Your answer should hold the data exactly as given, minus any picture.

== Given material ==

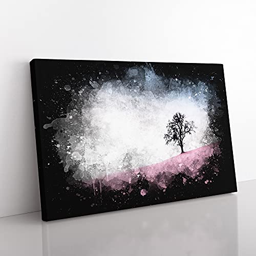 Big Box Art A Winter Tree at Sunset Paint Splash Canvas Wall Art Print Ready to Hang Picture, 76 x 50 cm (30 x 20 Inch), White, Pink, Grey
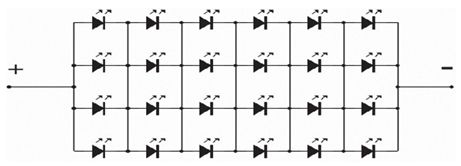 在實(shí)際應(yīng)用中,往往不需要確定LED結(jié)溫的特別精確的數(shù)值,此時(shí)可以用試驗(yàn)的方法確定整體燈具LED光源結(jié)溫的估算數(shù)值。以一個(gè)12W筒燈為例,光源部分由4并6串中功率LED組成,其電路連接形式如下:
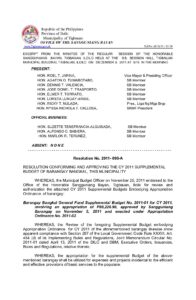 December 9, 2011 jin Comment off File Type: pdf File Size: 158 KB Categories: RESOLUTIONS Author: HON. JOSE DONEL T. TRASPORTO Share: Resolution No. 2011-102 Resolution No. 2011-101
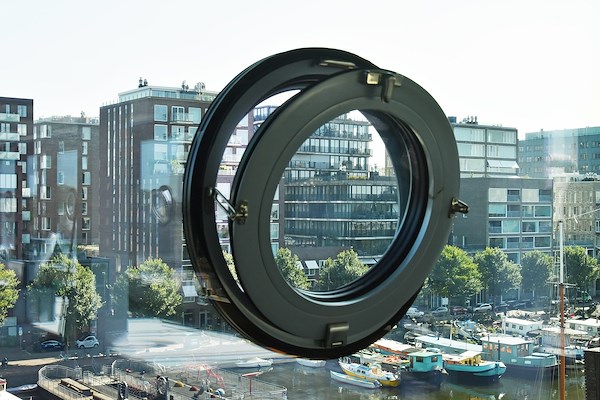 Het effect van zwevende bouwlagen wordt geoptimaliseerd door de terug liggende stroken driedubbel glas voorlangs de verdiepingen, ramen van vloer tot plafond met dunne nagenoeg onzichtbare verticale sponningen. Om het niet al te fragiel te laten lijken zijn in een strak ritme in de ramen glazen patrijspoorten geplaatst, van binnen gezien op ooghoogte, met een klik te openen. Deze ronde ramen zijn op te vatten als een verwijzing naar het maritieme verleden van het gebied, maar eerder toch herinneren ze aan de vroegere tuimelramen van De Walvis.

===

● **Result of the exercise**:
 Big Box Art A Winter Tree at Sunset Paint Splash Canvas Wall Art Print Ready to Hang Picture, 76 x 50 cm (30 x 20 Inch), White, Pink, Grey
 在實(shí)際應(yīng)用中,往往不需要確定LED結(jié)溫的特別精確的數(shù)值,此時(shí)可以用試驗(yàn)的方法確定整體燈具LED光源結(jié)溫的估算數(shù)值。以一個(gè)12W筒燈為例,光源部分由4并6串中功率LED組成,其電路連接形式如下:
 December 9, 2011 jin Comment off File Type: pdf File Size: 158 KB Categories: RESOLUTIONS Author: HON. JOSE DONEL T. TRASPORTO Share: Resolution No. 2011-102 Resolution No. 2011-101
 Het effect van zwevende bouwlagen wordt geoptimaliseerd door de terug liggende stroken driedubbel glas voorlangs de verdiepingen, ramen van vloer tot plafond met dunne nagenoeg onzichtbare verticale sponningen. Om het niet al te fragiel te laten lijken zijn in een strak ritme in de ramen glazen patrijspoorten geplaatst, van binnen gezien op ooghoogte, met een klik te openen. Deze ronde ramen zijn op te vatten als een verwijzing naar het maritieme verleden van het gebied, maar eerder toch herinneren ze aan de vroegere tuimelramen van De Walvis.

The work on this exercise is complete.